Dublin City Exiles

Club information
- Full name: Dublin City Exiles RLFC
- Colours: Green Black Gold White
- Founded: 2000; 26 years ago
- Website: dublincityexilesrlfc.blogspot.com

Current details
- Ground: Terenure College RFC;
- Competition: Irish Elite League (Leinster Conference)

= Dublin City Exiles =

Irish rugby league club

The Dublin City Exiles are an Irish rugby league team from Dublin, Ireland. The Exiles play in the Leinster Conference of the Irish Elite League. They play their home games at Lakelands Park in Terenure.

== History ==
The Dublin City Exiles were formed in 2000 by a number of Australian expatriates based in Dublin. Rugby League Ireland (the governing body for the development of rugby league in Ireland) was formed the same year, and in the first RLI season the Exiles reached the 2001 All Ireland final. The club, competing in the Leinster Conference of the Ireland National League, went on to win the 2002 and 2003 All Ireland finals.

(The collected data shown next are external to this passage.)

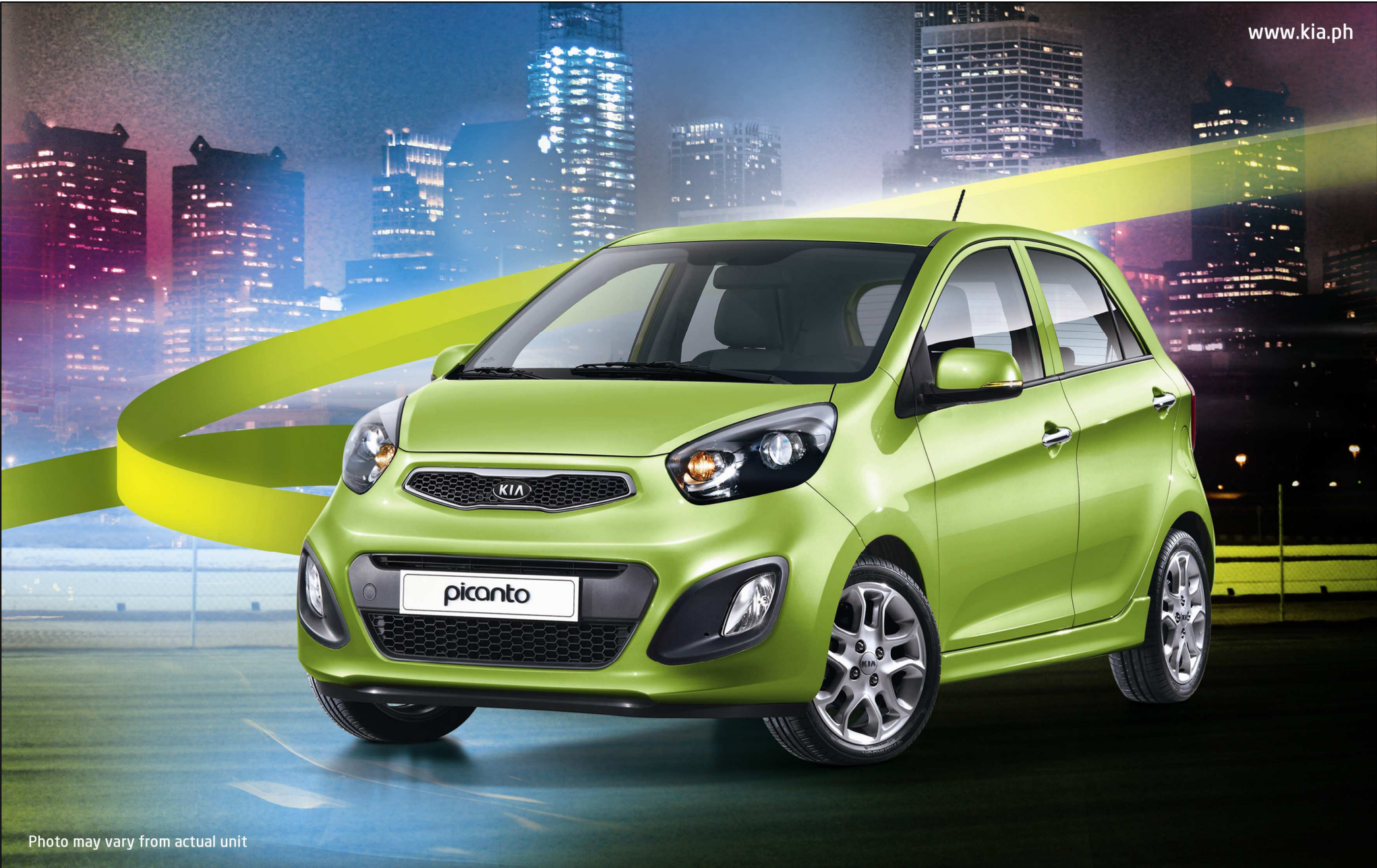
Photo may vary from actual unit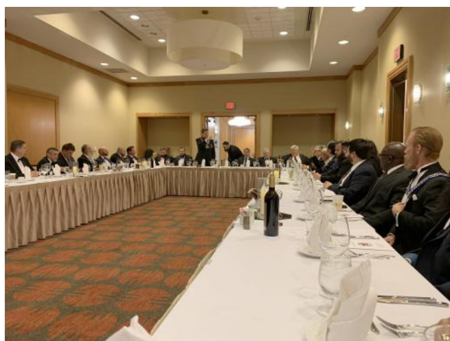
Brethren from several Lodges attended our Festive Board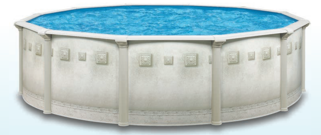
Round Millenium - Tuscan wall offered in 52 inches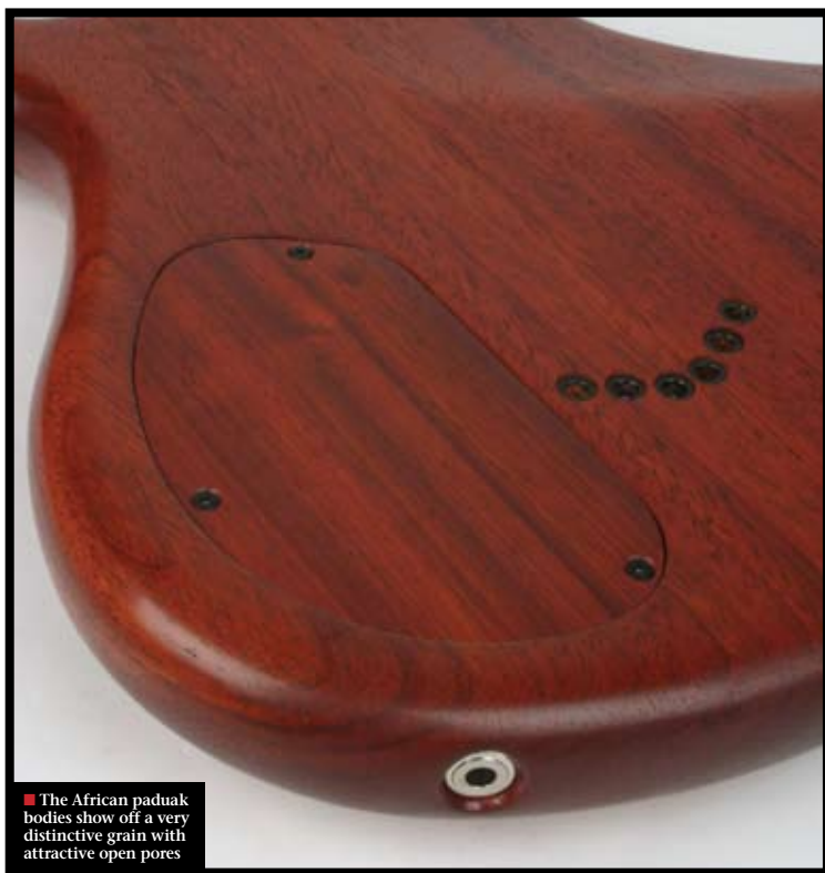
■ The African paduak bodies show off a very distinctive grain with attractive open pores

You can always tell a good electric guitar by a couple of different factors, not the least of which is the quality of the acoustic tone. The natural wood body, virtually free as it is from layer-upon-layer of suffocating lacquer, vibrates like a goodie bag at an Ann Summers party, and both guitars have a genuinely powerful and rich acoustic voice that resonates with a very impressive amount of sustain.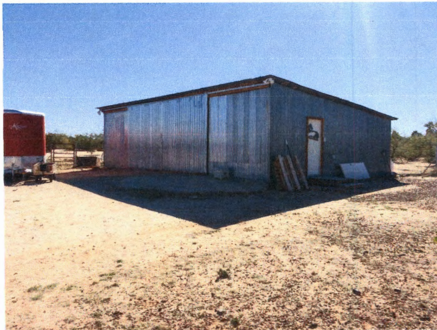
FRONT VIEW-NE SIDE

If using the Elevation Certificate to obtain NFIP flood insurance, affix at least 2 building photographs below according to the instructions for Item A6. Identify all photographs with date taken; "Front View" and "Rear View"; and, if required, "Right Side View" and "Left Side View." When applicable, photographs must show the foundation with representative examples of the flood openings or vents, as indicated in Section A8. If submitting more photographs than will fit on this page, use the Continuation Page.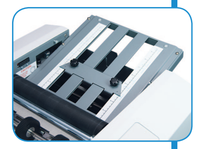
Clearly marked fold plates are easy to adjust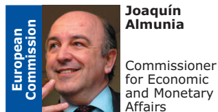
Joaquín Almunia Commissioner for Economic and Monetary Affairs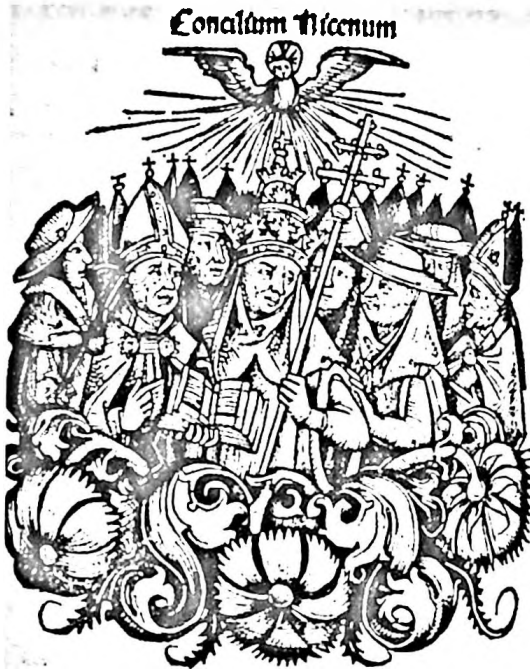
The Council of Nicea as depicted in the Nuremberg Chronicle.

the Father. Furthermore, in the last paragraph, those are condemned who declare that the Son “came from that which is not”—that is, out of nothing, like the rest of creation. Also, in the text of the creed itself, we are told that the Son was begotten “from the substance of the Father.”

Over the years, a number of players from the club have received caps for (or been named in training squad for) the Ireland men's national rugby league team. As of May 2024, the Exiles are one of two rugby league teams in Dublin.

In February 2023, the exiles became the first Irish team to win a Challenge Cup tie beating Hammersmith Hills Hoists 42-8.